__EXERCISE MATERIAL__.
-- Opening Marker --
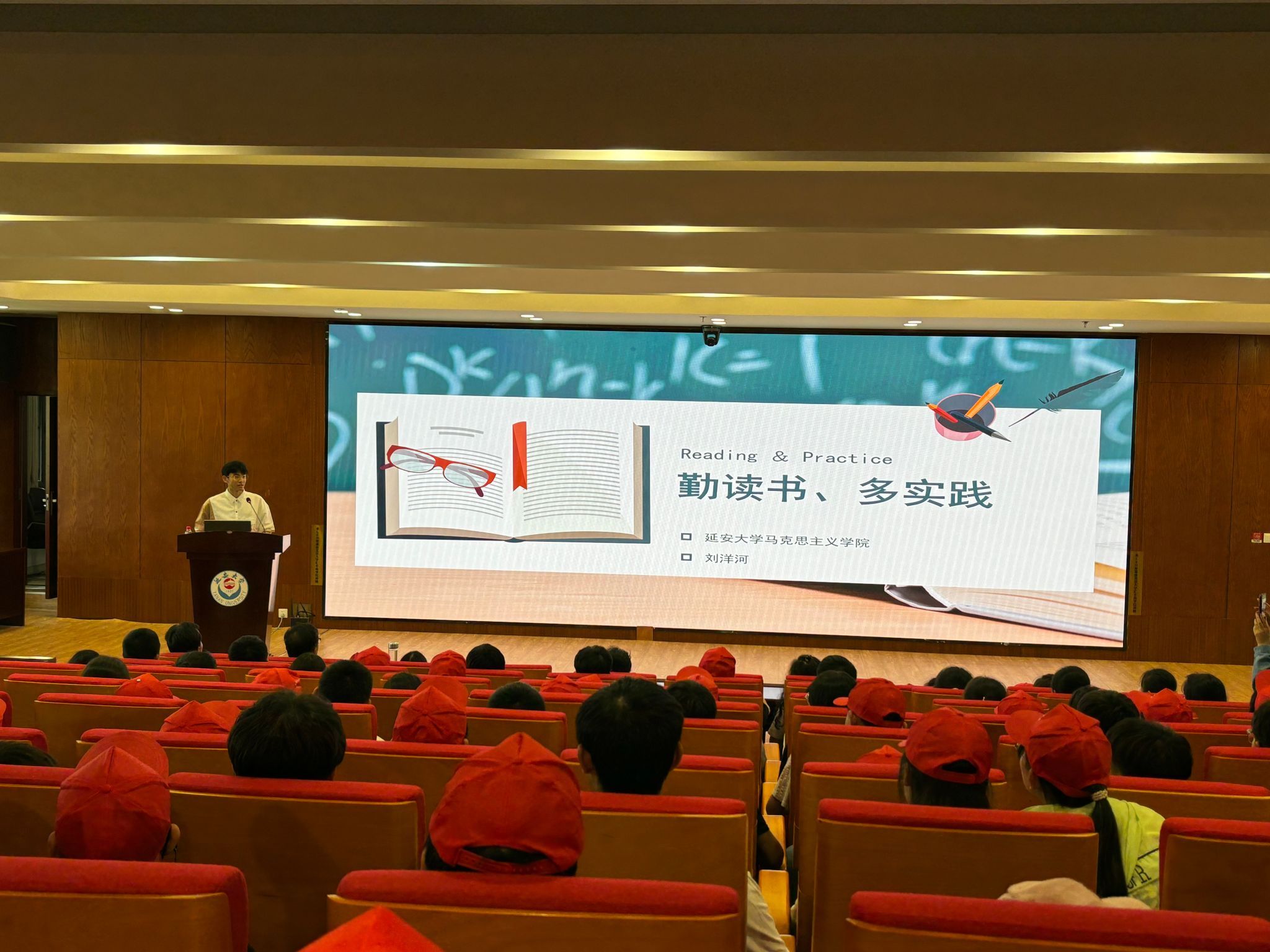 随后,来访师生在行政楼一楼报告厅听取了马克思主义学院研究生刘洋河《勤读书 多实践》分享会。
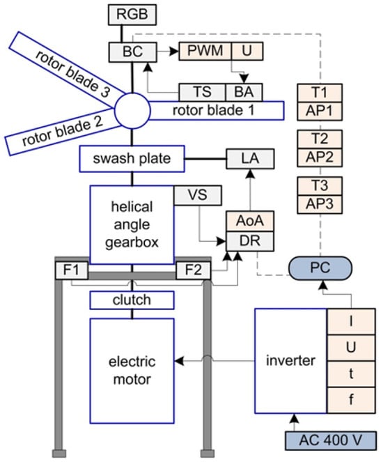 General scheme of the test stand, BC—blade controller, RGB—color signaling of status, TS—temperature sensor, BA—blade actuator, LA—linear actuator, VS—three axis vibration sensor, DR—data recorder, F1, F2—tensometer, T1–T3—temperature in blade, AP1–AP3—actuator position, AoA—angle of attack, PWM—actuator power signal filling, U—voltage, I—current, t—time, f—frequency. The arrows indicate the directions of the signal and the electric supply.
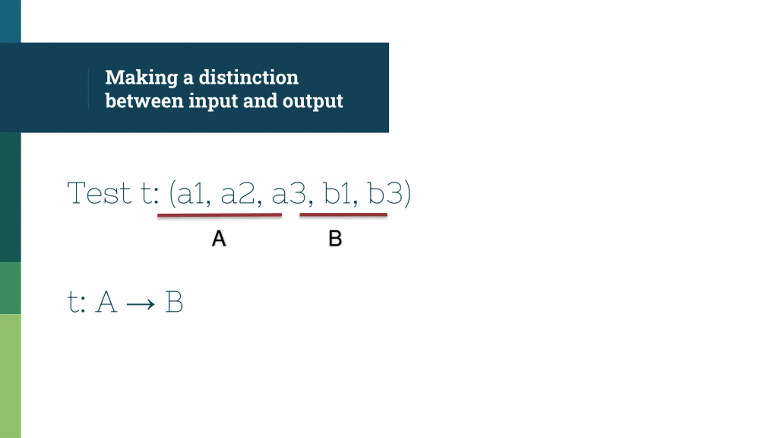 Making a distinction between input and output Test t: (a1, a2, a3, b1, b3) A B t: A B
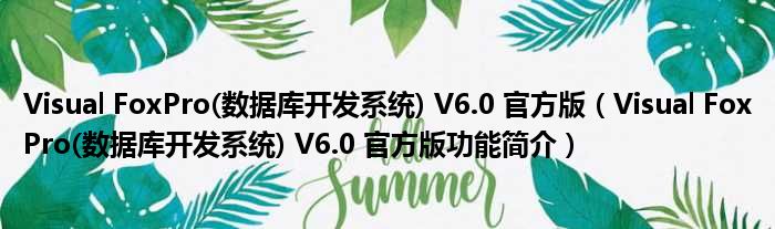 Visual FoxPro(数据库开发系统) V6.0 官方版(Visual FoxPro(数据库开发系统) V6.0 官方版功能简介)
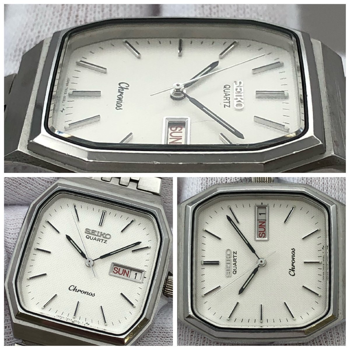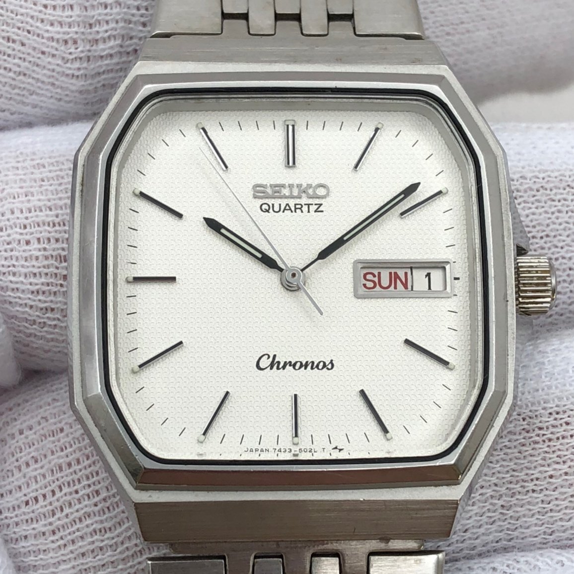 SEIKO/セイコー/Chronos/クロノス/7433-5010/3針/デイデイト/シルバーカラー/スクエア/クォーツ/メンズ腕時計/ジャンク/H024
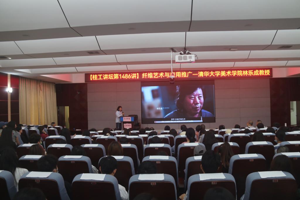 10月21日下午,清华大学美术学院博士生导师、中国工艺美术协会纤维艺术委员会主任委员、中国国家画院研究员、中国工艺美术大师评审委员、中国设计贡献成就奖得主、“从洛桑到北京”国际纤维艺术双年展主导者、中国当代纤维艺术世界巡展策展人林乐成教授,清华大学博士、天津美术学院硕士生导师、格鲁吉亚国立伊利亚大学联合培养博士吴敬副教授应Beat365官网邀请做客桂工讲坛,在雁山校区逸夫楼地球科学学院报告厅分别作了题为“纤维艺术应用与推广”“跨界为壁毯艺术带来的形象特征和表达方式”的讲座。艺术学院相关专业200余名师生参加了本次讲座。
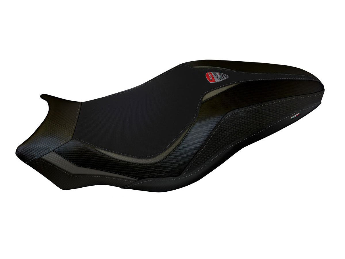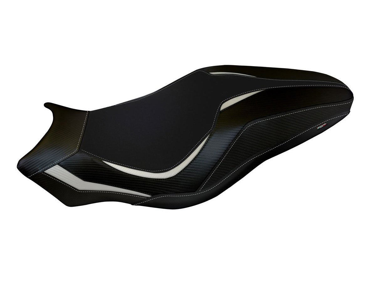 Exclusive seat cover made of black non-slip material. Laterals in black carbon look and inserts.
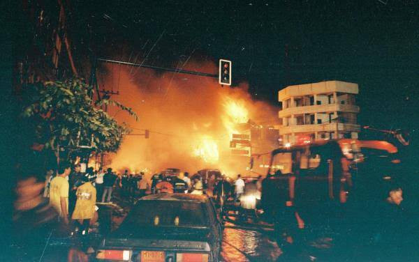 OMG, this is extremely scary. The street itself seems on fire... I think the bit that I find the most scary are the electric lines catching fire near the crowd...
-- Closing Marker --
-- Opening Marker --
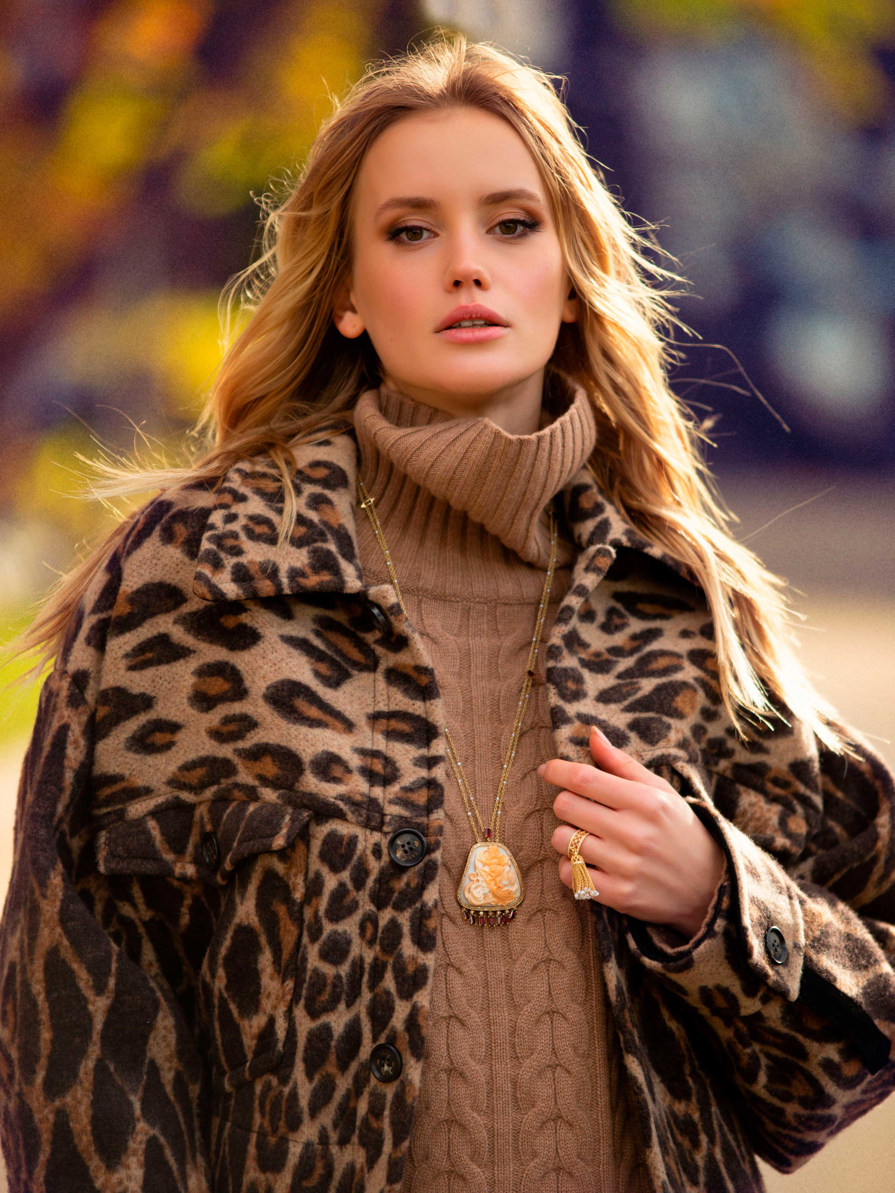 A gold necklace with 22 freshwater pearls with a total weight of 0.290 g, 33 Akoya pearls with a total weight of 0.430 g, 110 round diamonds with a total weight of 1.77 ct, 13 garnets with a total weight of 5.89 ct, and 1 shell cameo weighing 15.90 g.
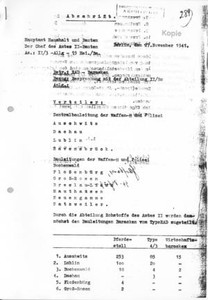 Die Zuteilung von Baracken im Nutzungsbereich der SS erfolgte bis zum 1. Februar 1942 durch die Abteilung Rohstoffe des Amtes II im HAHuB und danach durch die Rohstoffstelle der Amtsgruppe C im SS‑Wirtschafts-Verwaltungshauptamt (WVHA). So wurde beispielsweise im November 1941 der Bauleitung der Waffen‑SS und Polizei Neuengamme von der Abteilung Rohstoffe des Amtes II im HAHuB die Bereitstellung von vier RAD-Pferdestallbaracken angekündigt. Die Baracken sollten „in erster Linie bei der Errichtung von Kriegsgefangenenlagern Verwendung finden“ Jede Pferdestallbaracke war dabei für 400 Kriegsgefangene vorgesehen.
-- Closing Marker --
__PROBLEM STATEMENT__. Beginning with the line above that contains "随后,来访师生在行政楼一楼报" and ending with the line that contains "Visual FoxPro(数据库开发系统) V6.0 官方版(Visual", quote each line exactly, keeping out the pictures.

__ANSWER AREA__.
 随后,来访师生在行政楼一楼报告厅听取了马克思主义学院研究生刘洋河《勤读书 多实践》分享会。
 General scheme of the test stand, BC—blade controller, RGB—color signaling of status, TS—temperature sensor, BA—blade actuator, LA—linear actuator, VS—three axis vibration sensor, DR—data recorder, F1, F2—tensometer, T1–T3—temperature in blade, AP1–AP3—actuator position, AoA—angle of attack, PWM—actuator power signal filling, U—voltage, I—current, t—time, f—frequency. The arrows indicate the directions of the signal and the electric supply.
 Making a distinction between input and output Test t: (a1, a2, a3, b1, b3) A B t: A B
 Visual FoxPro(数据库开发系统) V6.0 官方版(Visual FoxPro(数据库开发系统) V6.0 官方版功能简介)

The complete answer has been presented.